The records below are to be restated word for word, with their images omitted.

> [Stored data]
___

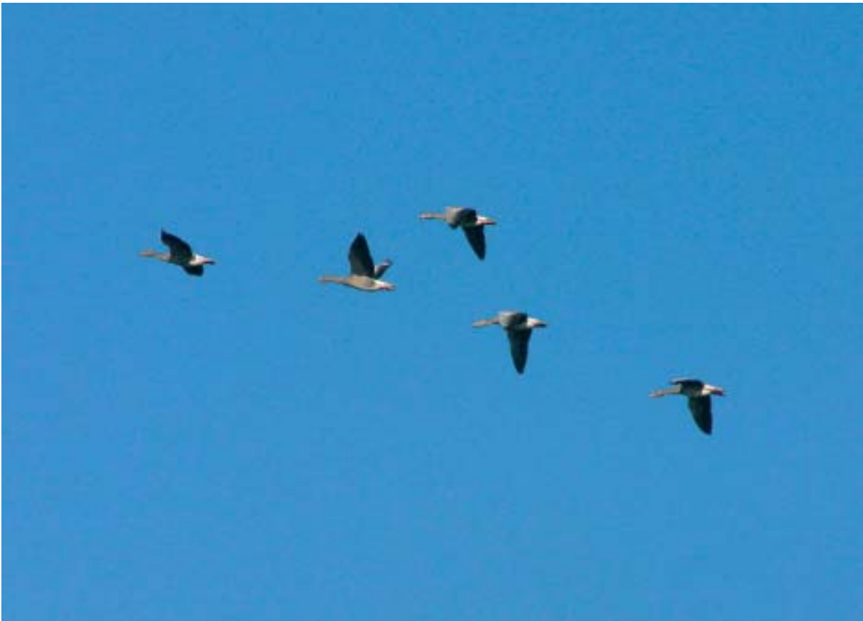
Foto 4: Voor de honderdduizenden ganzen die jaarlijks in Nederland doortrekken en overwinteren hebben we een internationale verantwoordelijkheid.

Hoewel diverse vleermuissoorten jaarlijks tussen nestkolonie en winterverblijf pendelen, is er weinig bekend over wat ze onderweg doen. Mochten doortrekkende vleermuizen tijdelijke natuur tegen komen, dan kunnen ze daar profiteren van de toegenomen insectenrijkdom. Trek van andere zoogdieren, zoals van grote grazers, is in het Europese laagland al sinds lang verdwenen. Vissen die tussen de zee en rivieren migreren zijn er wel (weer) in Nederland, maar hun biotoop ligt buiten tijdelijke natuurgebieden.
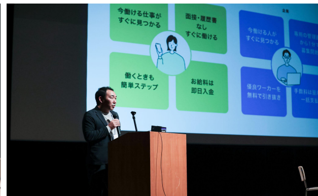
スポンサー発表 タイミー様 Sponsor Presentations Timee, Inc.
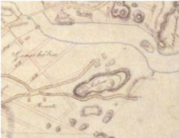
Utsnitt av Reguleringsplan 1858
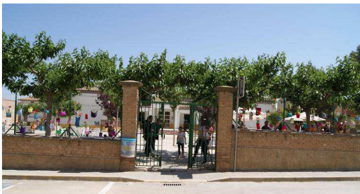
Jardí Vertical a càrrec de la Guerrilla del Gilda
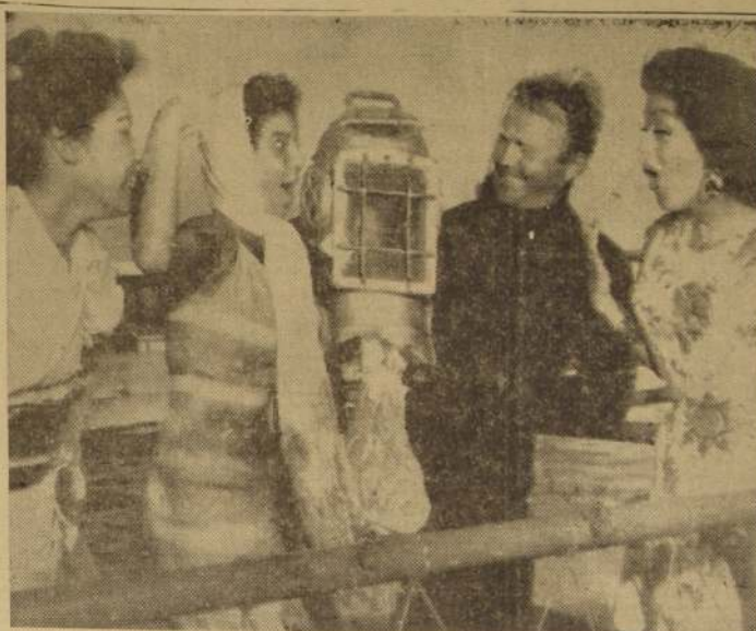
PALOS VERDES, California.— Miss Puerto Rico, Miss Japon y Miss Venezuela, aparecen en esta radiofoto, durante la visita que hicieron a Mariland. Las tres bellezas están compitiendo en el torneo de Los Angeles.

"Los gobernantes rusos se hallan ante el riesgo de un levantamiento y, a la larga, de la irresistible demanda del pueblo de mayor seguridad personal, más libertad personal y mayor disfrute del producto de su trabajo. El grupo gobernante, el Presidium, a la sazón con 11 miembros con voto, estaba radicalmente dividido en cuanto a la forma de hacer frente a la situación".
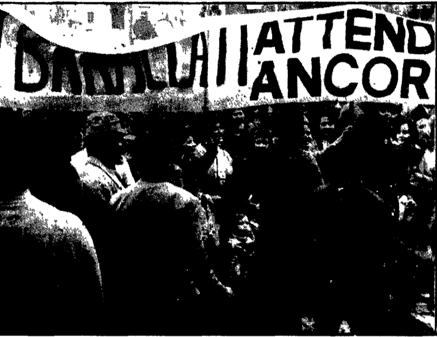
Baraccati e famiglie che si sono ridotti i figli manifestano davanti alla prefettura

Centinaia di agenti hanno circondato all'alba gli edifici occupati alla Magliana - Le famiglie hanno lasciato gli appartamenti sotto la pioggia - Ribadite in un incontro in prefettura le principali richieste: sospendere tutti i provvedimenti di sfratto, reperire 5000 appartamenti per i senza casa - Martedì incontro decisivo al ministero dei Lavori Pubblici
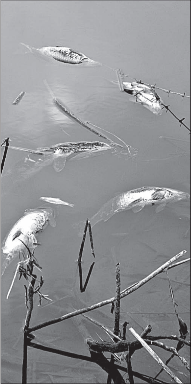
У оттаявших берегов качалась мертвая рыба, еще сотни пятен виднелись в середине озера.

Мы связались с коммунальной службой и попытались узнать, на каком основании вредные отходы попадают в реку, однако устно комментировать сложившуюся ситуацию в Щучинском ЖКХ не стали.
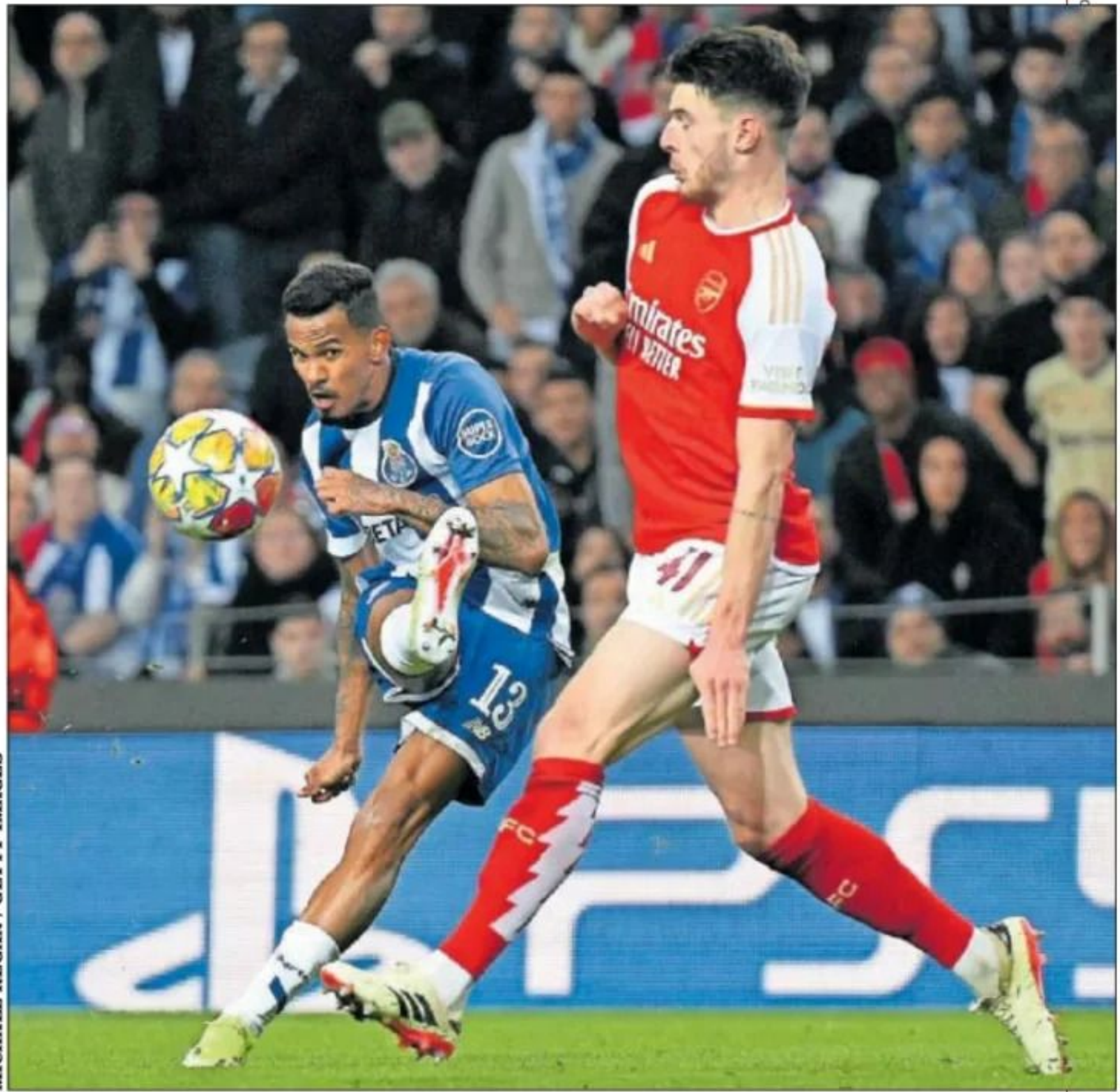
Galeno, en el momento en el que chutó a puerta para hacer el gol del Oporto.

D ijo el arquero portista Costa en la previa del partido que si realmente los gunners eran favoritos, "tendrán que demostrarlo". Y no le faltó razón. Después de siete temporadas sin hacer acto de presencia en octavos, el Arsenal de Arteta pecó de novato en su visita a Do Dragão y la ida entre dragões y gunners se resolvió con victoria local (1-0). El conjunto londinense, que venía de marcar 21 goles en sus últimos cinco encuentros de Premier, fue incapaz siquiera de tirar a portería en Oporto, y lo pagó caro. El siempre competitivo Oporto de Conceição, con más posesión y experiencia durante las últimas temporadas en Europa, vio recompensada su actuación con un golazo de Galeno en la última jugada del partido, que heló la sangre de Arteta y sus pupilos. El incombustible Pepe, que se convirtió en el jugador de más edad en participar en los octavos de la Champions (40 años), lideró a la zaga local para secar por completo a Saka y compañía. Aunque todavía restan 90 minutos en el Emirates, el Oporto baja al Arsenal de las nubes.
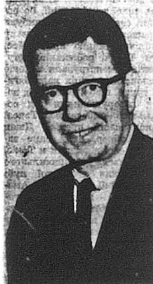
RICHARD J. HUGHES

JUDGE HUGHES IS A DEMOCRAT A Friend of the Working Man A Family Man With 9 Children He shall expand Rutgers University for your sons and daughters He will provide more State Hospitals for the poor and aged He plans for Better Benefits for Unemployed New Industries to State so as to increase employment More Housing and Medical Care for Elderly People President JOHN F. KENNEDY Wants You to vote for Him
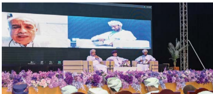
الملقى أكد على أهمية قضايا الاتصال والإعلام

صلالة العُمانية: نظمت جامعة التقنية والعلوم التطبيقية بصلالة ممثلة بقسم الاتصال الجماهيري بكلية الصناعات الإبداعية أمس بجمع السُلطان قابوس الشبابي للثقافة والترفيه بصلالة منتدى «مستقبل الاتصال والإعلام في عصر التكنولوجيا والذكاء الاصطناعي»: (الاتجاهات والتحديات) برعاية المكرّم سالم بن مسلم قطن نائب رئيس مجلس الدولة.
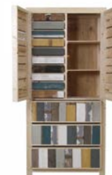
Sloophouten kast ontwerp 1991, uitvoering 2001

Hij won talloze prijzen en zijn ontwerpen zijn opgenomen in verschillende museumcollecties, waaronder die van het Centraal Museum.
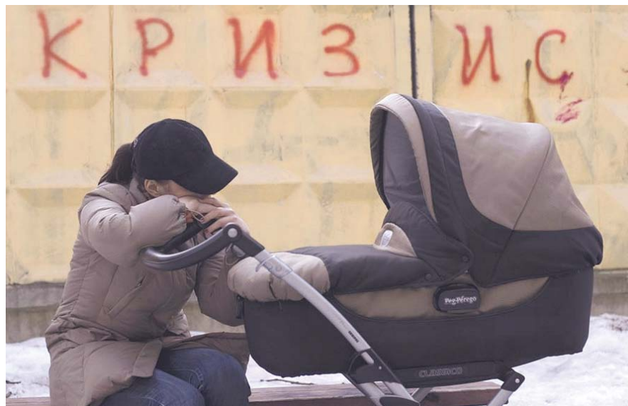
НА ФОТО: СОКРАЩЕНИЕ РАСХОДОВ СОЗДАЕТ ИЛЛЮЗИЮ ПРЕОДОЛЕНИЯ КРИЗИСА

— Граждане считают, что адаптировались к кризису, и дела обстоят не так плохо, но в реальности ситуация
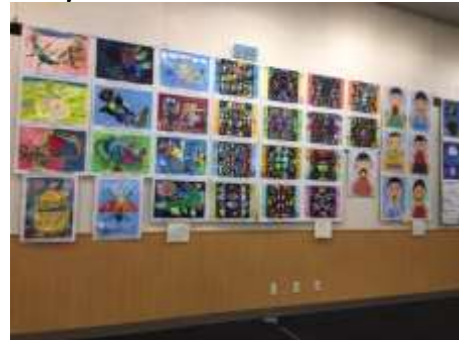
平面作品、丁寧に仕上げられていますね。
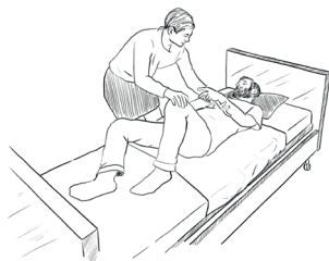
1. Vleže na zádech pokrčte nemocnému levou nohu.
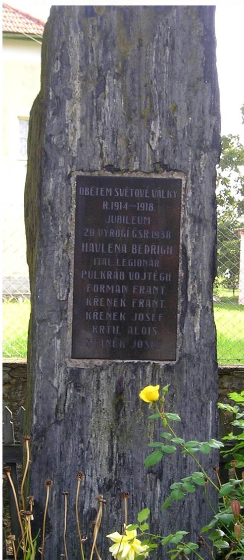
← 73. Nová Lhota , pomník padlých
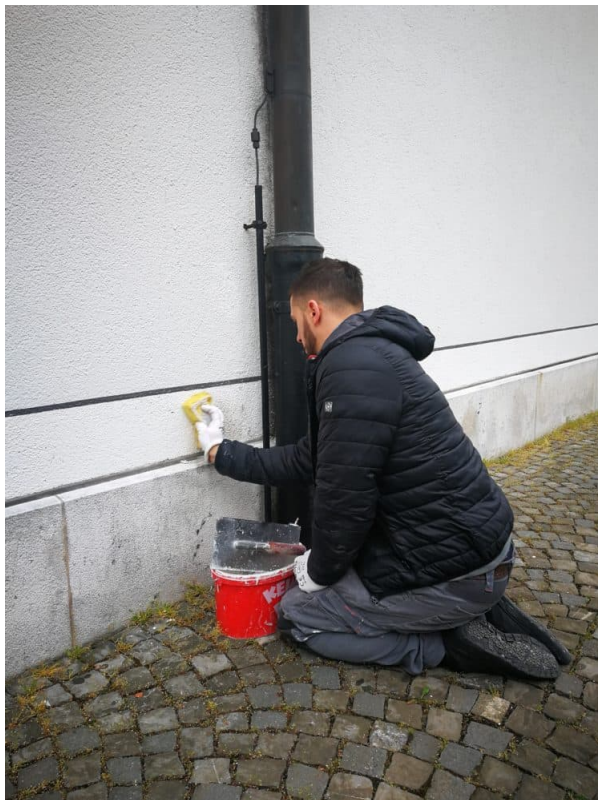
Anpassung an bestehende Struktur.
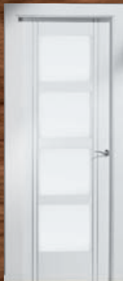
LAC 245 4V
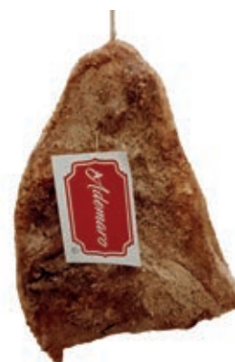
GOT120 GOTA "ADEMARO" O.I.
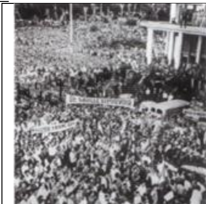
Sur les banderoles, on peut lire « Algérie française » et « de Gaulle au pouvoir »

Doc 2 : les militaires prennent le pouvoir
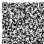
電子申請 QR コード
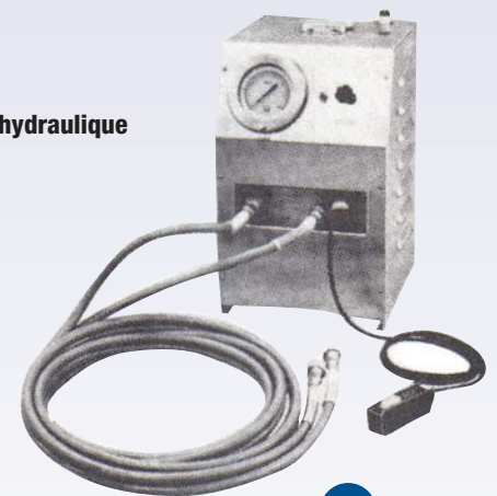
Clef dynamométrique hydraulique
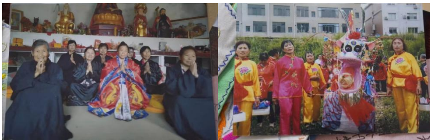
图 2.2 仪式活动的旧照
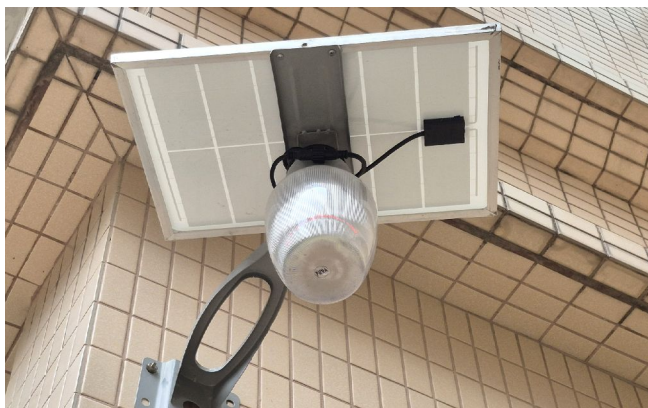
參賽大廈平台花園增設太陽能照明燈
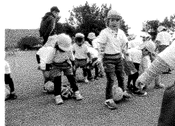
太陽スポーツ（さくら・もも）
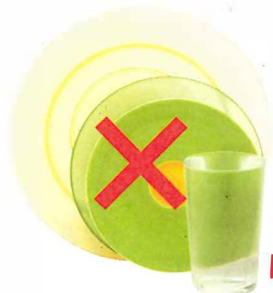
Vaisselle, Faïence, Porcelaine
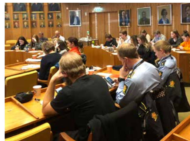
Verdiseminar for Glåmdalsregionen.
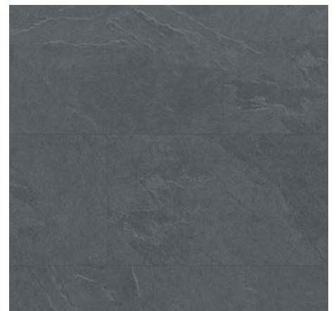
ML 76045 Břidlice Jura antracitová
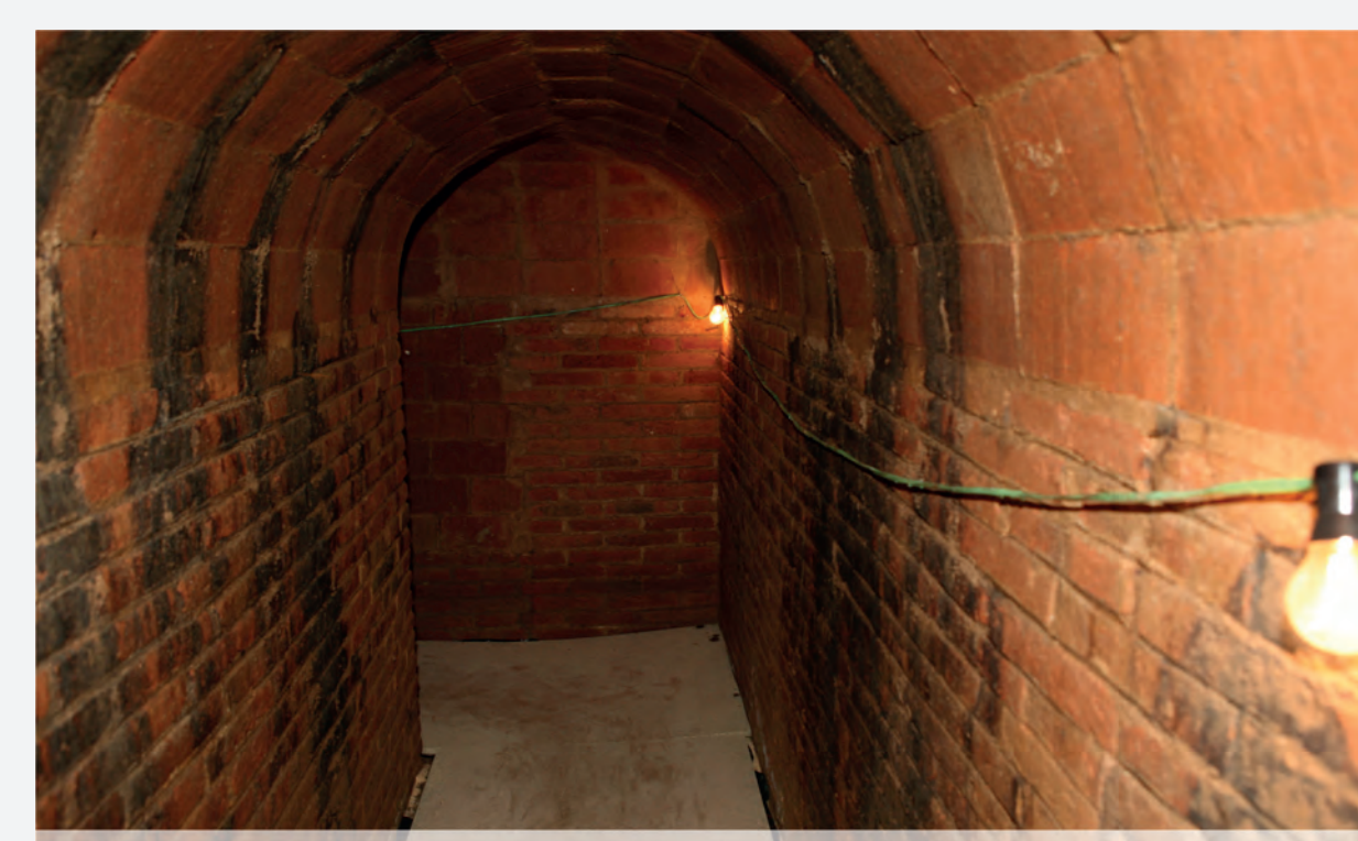
Refugi de l'Ajuntament (visible). Nº 2 del plànol

En el marc de la commemoració del 70è aniversari del bombardeig de 1938 s'inaugurà Can Jonch. Centre de Cultura per la Pau, l'any 2008. Prenent com a punt de partida que les ciutats que han patit bombardejos han de ser la força que lideri els moviments per a la consecució de la pau, Granollers ha fet una aposta estratègica cap a la sensibilització i el foment de la cultura de la pau, amb la posada en marxa de Can Jonch.

___

> [Result for this task]
Foto 4: Voor de honderdduizenden ganzen die jaarlijks in Nederland doortrekken en overwinteren hebben we een internationale verantwoordelijkheid.

Hoewel diverse vleermuissoorten jaarlijks tussen nestkolonie en winterverblijf pendelen, is er weinig bekend over wat ze onderweg doen. Mochten doortrekkende vleermuizen tijdelijke natuur tegen komen, dan kunnen ze daar profiteren van de toegenomen insectenrijkdom. Trek van andere zoogdieren, zoals van grote grazers, is in het Europese laagland al sinds lang verdwenen. Vissen die tussen de zee en rivieren migreren zijn er wel (weer) in Nederland, maar hun biotoop ligt buiten tijdelijke natuurgebieden.
スポンサー発表 タイミー様 Sponsor Presentations Timee, Inc.
Utsnitt av Reguleringsplan 1858
Jardí Vertical a càrrec de la Guerrilla del Gilda
PALOS VERDES, California.— Miss Puerto Rico, Miss Japon y Miss Venezuela, aparecen en esta radiofoto, durante la visita que hicieron a Mariland. Las tres bellezas están compitiendo en el torneo de Los Angeles.

"Los gobernantes rusos se hallan ante el riesgo de un levantamiento y, a la larga, de la irresistible demanda del pueblo de mayor seguridad personal, más libertad personal y mayor disfrute del producto de su trabajo. El grupo gobernante, el Presidium, a la sazón con 11 miembros con voto, estaba radicalmente dividido en cuanto a la forma de hacer frente a la situación".
Baraccati e famiglie che si sono ridotti i figli manifestano davanti alla prefettura

Centinaia di agenti hanno circondato all'alba gli edifici occupati alla Magliana - Le famiglie hanno lasciato gli appartamenti sotto la pioggia - Ribadite in un incontro in prefettura le principali richieste: sospendere tutti i provvedimenti di sfratto, reperire 5000 appartamenti per i senza casa - Martedì incontro decisivo al ministero dei Lavori Pubblici
У оттаявших берегов качалась мертвая рыба, еще сотни пятен виднелись в середине озера.

Мы связались с коммунальной службой и попытались узнать, на каком основании вредные отходы попадают в реку, однако устно комментировать сложившуюся ситуацию в Щучинском ЖКХ не стали.
Galeno, en el momento en el que chutó a puerta para hacer el gol del Oporto.

D ijo el arquero portista Costa en la previa del partido que si realmente los gunners eran favoritos, "tendrán que demostrarlo". Y no le faltó razón. Después de siete temporadas sin hacer acto de presencia en octavos, el Arsenal de Arteta pecó de novato en su visita a Do Dragão y la ida entre dragões y gunners se resolvió con victoria local (1-0). El conjunto londinense, que venía de marcar 21 goles en sus últimos cinco encuentros de Premier, fue incapaz siquiera de tirar a portería en Oporto, y lo pagó caro. El siempre competitivo Oporto de Conceição, con más posesión y experiencia durante las últimas temporadas en Europa, vio recompensada su actuación con un golazo de Galeno en la última jugada del partido, que heló la sangre de Arteta y sus pupilos. El incombustible Pepe, que se convirtió en el jugador de más edad en participar en los octavos de la Champions (40 años), lideró a la zaga local para secar por completo a Saka y compañía. Aunque todavía restan 90 minutos en el Emirates, el Oporto baja al Arsenal de las nubes.
RICHARD J. HUGHES

JUDGE HUGHES IS A DEMOCRAT A Friend of the Working Man A Family Man With 9 Children He shall expand Rutgers University for your sons and daughters He will provide more State Hospitals for the poor and aged He plans for Better Benefits for Unemployed New Industries to State so as to increase employment More Housing and Medical Care for Elderly People President JOHN F. KENNEDY Wants You to vote for Him
الملقى أكد على أهمية قضايا الاتصال والإعلام

صلالة العُمانية: نظمت جامعة التقنية والعلوم التطبيقية بصلالة ممثلة بقسم الاتصال الجماهيري بكلية الصناعات الإبداعية أمس بجمع السُلطان قابوس الشبابي للثقافة والترفيه بصلالة منتدى «مستقبل الاتصال والإعلام في عصر التكنولوجيا والذكاء الاصطناعي»: (الاتجاهات والتحديات) برعاية المكرّم سالم بن مسلم قطن نائب رئيس مجلس الدولة.
Sloophouten kast ontwerp 1991, uitvoering 2001

Hij won talloze prijzen en zijn ontwerpen zijn opgenomen in verschillende museumcollecties, waaronder die van het Centraal Museum.
НА ФОТО: СОКРАЩЕНИЕ РАСХОДОВ СОЗДАЕТ ИЛЛЮЗИЮ ПРЕОДОЛЕНИЯ КРИЗИСА

— Граждане считают, что адаптировались к кризису, и дела обстоят не так плохо, но в реальности ситуация
平面作品、丁寧に仕上げられていますね。
1. Vleže na zádech pokrčte nemocnému levou nohu.
← 73. Nová Lhota , pomník padlých
Anpassung an bestehende Struktur.
LAC 245 4V
GOT120 GOTA "ADEMARO" O.I.
Sur les banderoles, on peut lire « Algérie française » et « de Gaulle au pouvoir »

Doc 2 : les militaires prennent le pouvoir
電子申請 QR コード
Clef dynamométrique hydraulique
图 2.2 仪式活动的旧照
參賽大廈平台花園增設太陽能照明燈
太陽スポーツ（さくら・もも）
Vaisselle, Faïence, Porcelaine
Verdiseminar for Glåmdalsregionen.
ML 76045 Břidlice Jura antracitová
Refugi de l'Ajuntament (visible). Nº 2 del plànol

En el marc de la commemoració del 70è aniversari del bombardeig de 1938 s'inaugurà Can Jonch. Centre de Cultura per la Pau, l'any 2008. Prenent com a punt de partida que les ciutats que han patit bombardejos han de ser la força que lideri els moviments per a la consecució de la pau, Granollers ha fet una aposta estratègica cap a la sensibilització i el foment de la cultura de la pau, amb la posada en marxa de Can Jonch.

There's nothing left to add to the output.